1. Elementary evolution unit population 2. Elementary evolution material Mutation - genotypic diversity in populations 3. Elemental evolutionary phenomenon. Long-term and directed change in the gene pool 4. Electrical evolutionary factors. Hereditary variability, struggle for existence, natural selection - guide factor 5. Elementary selection object is separate Space with a specific phenotype

S.S. The fourthics of the population like a sponge, absorb recessive mutations, while remaining phenotypically homogeneous. The existence of such an open reserve of hereditary variability creates the possibility for evolutionary transformations of the population under the influence of natural selection. Engaged in the study of natural mutations, changes in the hereditary properties of the body. Made a significant contribution to the development of population genetics.

The mutational process is a permanent source of hereditary variability. Genes are mutated with a certain frequency. In the process of sexual reproduction, the mutation can be widely distributed in populations. Most organisms are heterozygically in many genes, that is, in its cells, homologous chromosomes carry different forms of the same gene. Heterozygous organisms are better adapted than homozygous.

The mutation process is the source of the reserve of the hereditary variability of populations. Maintaining a high degree of genetic diversity of populations, it creates the basis for the action of natural selection. In different populations of one type of mutant genes of Nonodynakov. There are no populations with a completely unique frequency of the meeting of mutant signs. These differences may be due to the fact that populations are inhabited in unequal conditions of the external environment. Directed change in the frequency of genes in populations is due to the action of natural selection.

Waves of life fluctuations in the number of individuals in the population. The term is introduced by the Russian biologist S. S. Chetverikov in 1915. Such fluctuations in the number can be seasonal or non-zees, repeated through different intervals; Usually they are the longer than a longer cycle of the development of organisms. Subsequently, the term was replaced by the concept of population waves (one of the 4 elementary evolutionary factors mutation process, population waves, insulation and natural selection). The main value is reduced to random changes in the concentrations of various mutations contained in populations, as well as to weaken the selection pressure while increasing and enhancing it with a decrease in the number of individuals in the population. The term sometimes implies the stages of the development of plant and animal world, approximately corresponding to the change of geological cycles.
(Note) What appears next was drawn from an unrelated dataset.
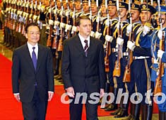 中新社北京十二月三日電(記者齊彬)中國(guó)國(guó)務(wù)院總理溫家寶三日在人民大會(huì)堂與來訪的斯洛文尼亞總理羅普舉行會(huì)談。

Evolutionary factors - factors causing the evolution of populations. "Waves of Life" and "Draif of Genes", as a rule, accompany the evolutionary process of each population if it comes to a long-term process (time period). However, historical development organic World Theoretically, possibly without them, that is, only on the basis of variability, heredity, struggle for the existence and natural selection.

Is it possible to consider all the reasons that cause the death of organisms, natural selection? Natural selection is not the only cause of the death of organisms. The death of an animal may be a consequence of a random event (forest fire, flood or other natural disaster that leaves no chance of survival).

Evolutionary factors guiding the evolutionary process of the non-directional evolutionary process of natural selection (against the background of the struggle for existence) -nous variability. - Draif genes. - Waves of life. - Isolation. Acts in the population, changing its gene pool possible result: the emergence of new populations, subspecies, species (speciation)

The combination of evolutionary processes occurring in populations of the species and leading to a change in the gene pools of these populations and the formation of new subspecies, species is called microevolution. Evolution at the level of systematic units above the species flowing millions of years and inaccessible to direct studies is called macroevolution. These two processes are united. Homework: Powers to cite examples of aromorphosis, idioadaptations and degenerations. Repeat definition, population, evolution, macroevolution, microevolution.